[What this task involves]
With images excluded, write out each entry below exactly as given.

[Dataset records]
___

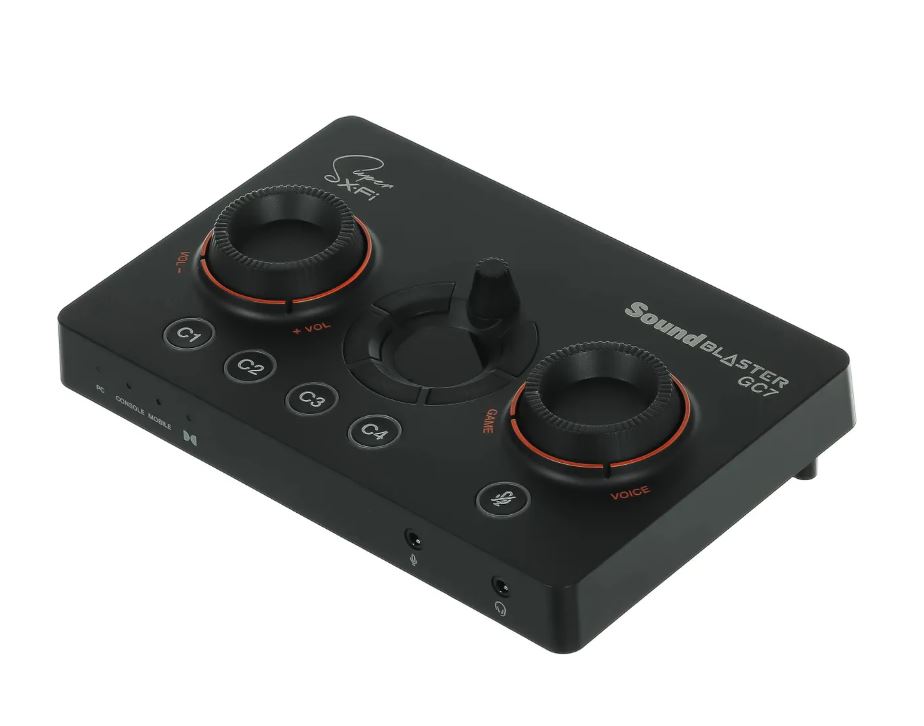 GC7 усовершенствован аудиотехнологиями Super X-Fi и Sound Blaster, поэтому качество аудио превышает любительский уровень. Наслаждайтесь быстрым и полностью настраиваемым управлением программируемыми кнопками. Получите преимущество перед противниками благодаря превосходным инструментам для ведения боя, таким как режимы SXFI BATTLE Mode и Scout Mode. ... Наклон под оптимальным углом для облегчения управления одной рукой. Стильный и утонченный дизайн под цифровой микшер. Sound Blaster GC7 — это первый продукт в серии премиальных игровых аудиорешений для опытных геймеров.
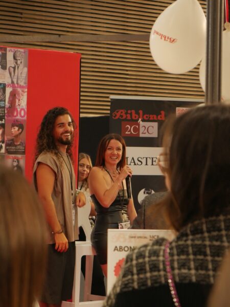 Autre temps fort, le concours organisé sur le stand Biblond. Une belle façon de débuter la rentrée sous les meilleurs auspices. Pour l’événement, 30 marques ont offert des lots qui donnent envie de gagner : paires de ciseaux, gammes de produits, accessoires, abonnements à des plateformes, séance de relooking pour le salon, tondeuses, seche-cheveux… Le tirage au sort, le dimanche, en fin d’après-midi a fait des émules. Record d’affluence pour assister au tirage au sort sur notre stand et animation au top avec l’une de nos ambassadrices, Molly Caytan ! Fous rires et bonne humeur étaient au rendez-vous !
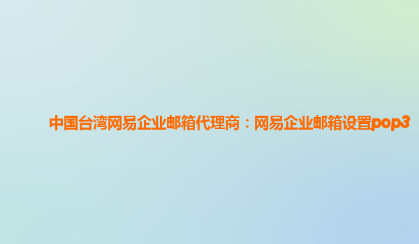 2024-02-12中国台湾网易企业邮箱代理商:网易企业邮箱设置pop3 网易企业邮箱是一款专为企业定制的电子邮件解决方案,为企业提供安全稳定、高效便捷的邮箱服务。通过设置POP3协议,用户可以在自己的设备上接收和发送电子邮件。...
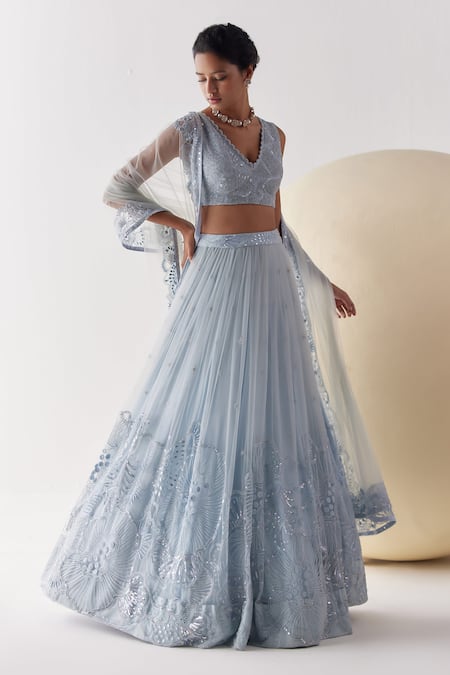 Cloudy blue lehenga featuring all over cosmati florin embroidery with tonal sequins, beads & mirror highlights. Paired with a padded V neck blouse and embellished border dupatta.
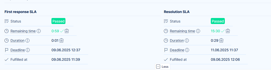 - Information about SLA Response appears in the task detail only when the task is in the default status, which is defined on a respective task type.
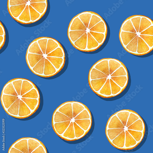 Fototapeta premium Tropical seamless pattern with orange slices. Watercolor illustration on blue background for scrapbooking, wallpaper, packaging, textiles
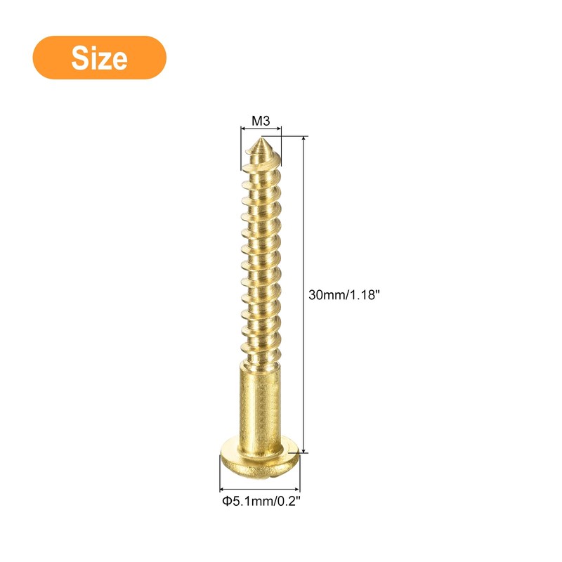 - [Product Parameters]- Thread Diameter: M3; Length Under Head: 30mm/1.18"; Head Type: Slot Round Head; Package Content:40pcs x Wood Screws
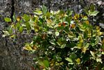Small evergreen tree. Leaves oblong or elliptic, thick and leathery, exuding a yellow sticky latex when broken. Lateral veins conspicuously etched on both surfaces. Flowers solitary or in small clusters, axillary, greenish-yellow, short-lived. Fruits fleshy, spherical, yellow when ripe, edible. |
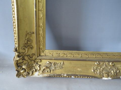 A 19TH CENTURY DECORATIVE GOLD SWEPT FRAME - SOME DAMAGES, frame W 14 cm, rebate 76 x 60 cm
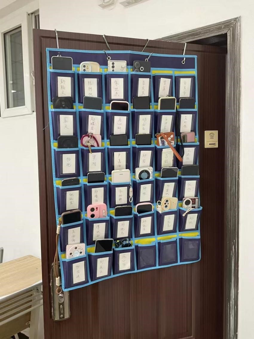在通识必修课、专业必修课等全体2024级本科生必须出席的课程中,学院全面实施无手机课堂制度。每个新生班级均配备了专门的手机袋,手机袋中放置写有同学姓名的小卡片,同学们需在课前将手机放入标有各自名字的手机袋内。关于手机袋的携带与保管工作,则由各班级班委轮流负责,班委需在课前将手机袋挂在教室门上,以便同学们使用。
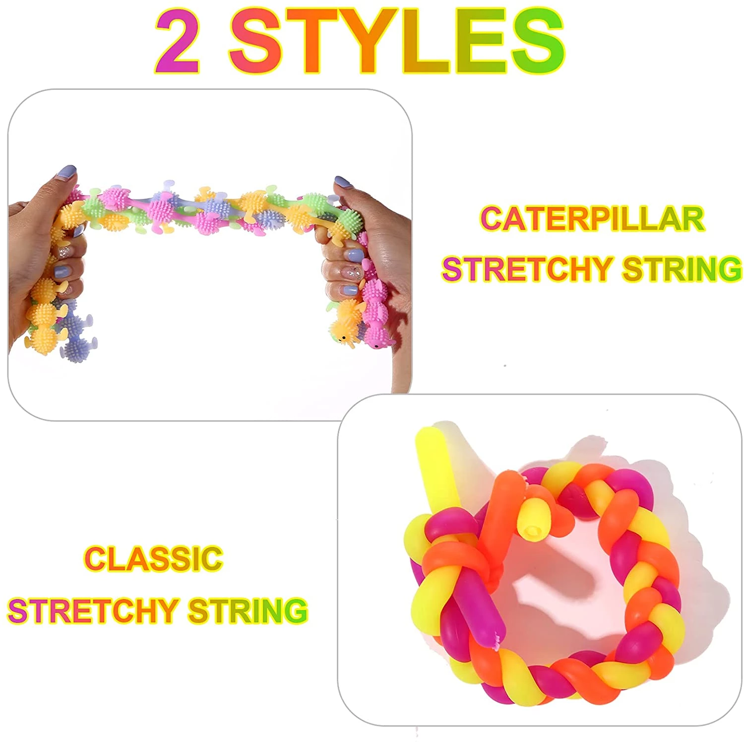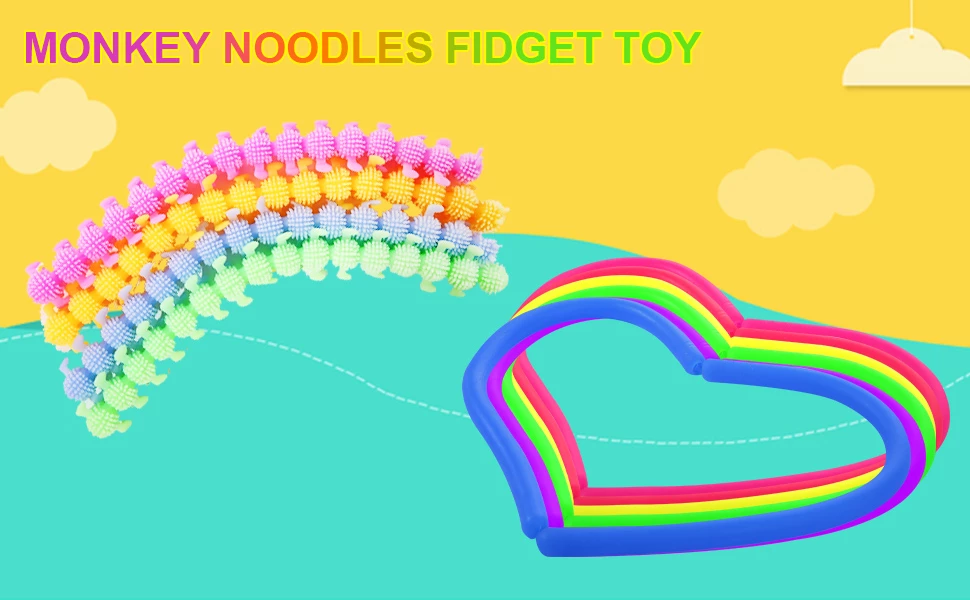 wellvo Sensory Fidget Toys, Monkey Noodle 16 Pack, Classic Monkey Noodle Stretchy String, Monkey Noodles Fidget

___

[Reply]
 GC7 усовершенствован аудиотехнологиями Super X-Fi и Sound Blaster, поэтому качество аудио превышает любительский уровень. Наслаждайтесь быстрым и полностью настраиваемым управлением программируемыми кнопками. Получите преимущество перед противниками благодаря превосходным инструментам для ведения боя, таким как режимы SXFI BATTLE Mode и Scout Mode. ... Наклон под оптимальным углом для облегчения управления одной рукой. Стильный и утонченный дизайн под цифровой микшер. Sound Blaster GC7 — это первый продукт в серии премиальных игровых аудиорешений для опытных геймеров.
 Autre temps fort, le concours organisé sur le stand Biblond. Une belle façon de débuter la rentrée sous les meilleurs auspices. Pour l’événement, 30 marques ont offert des lots qui donnent envie de gagner : paires de ciseaux, gammes de produits, accessoires, abonnements à des plateformes, séance de relooking pour le salon, tondeuses, seche-cheveux… Le tirage au sort, le dimanche, en fin d’après-midi a fait des émules. Record d’affluence pour assister au tirage au sort sur notre stand et animation au top avec l’une de nos ambassadrices, Molly Caytan ! Fous rires et bonne humeur étaient au rendez-vous !
 2024-02-12中国台湾网易企业邮箱代理商:网易企业邮箱设置pop3 网易企业邮箱是一款专为企业定制的电子邮件解决方案,为企业提供安全稳定、高效便捷的邮箱服务。通过设置POP3协议,用户可以在自己的设备上接收和发送电子邮件。...
 Cloudy blue lehenga featuring all over cosmati florin embroidery with tonal sequins, beads & mirror highlights. Paired with a padded V neck blouse and embellished border dupatta.
 - Information about SLA Response appears in the task detail only when the task is in the default status, which is defined on a respective task type.
 Fototapeta premium Tropical seamless pattern with orange slices. Watercolor illustration on blue background for scrapbooking, wallpaper, packaging, textiles
 - [Product Parameters]- Thread Diameter: M3; Length Under Head: 30mm/1.18"; Head Type: Slot Round Head; Package Content:40pcs x Wood Screws
Small evergreen tree. Leaves oblong or elliptic, thick and leathery, exuding a yellow sticky latex when broken. Lateral veins conspicuously etched on both surfaces. Flowers solitary or in small clusters, axillary, greenish-yellow, short-lived. Fruits fleshy, spherical, yellow when ripe, edible. |
 A 19TH CENTURY DECORATIVE GOLD SWEPT FRAME - SOME DAMAGES, frame W 14 cm, rebate 76 x 60 cm
在通识必修课、专业必修课等全体2024级本科生必须出席的课程中,学院全面实施无手机课堂制度。每个新生班级均配备了专门的手机袋,手机袋中放置写有同学姓名的小卡片,同学们需在课前将手机放入标有各自名字的手机袋内。关于手机袋的携带与保管工作,则由各班级班委轮流负责,班委需在课前将手机袋挂在教室门上,以便同学们使用。
 wellvo Sensory Fidget Toys, Monkey Noodle 16 Pack, Classic Monkey Noodle Stretchy String, Monkey Noodles Fidget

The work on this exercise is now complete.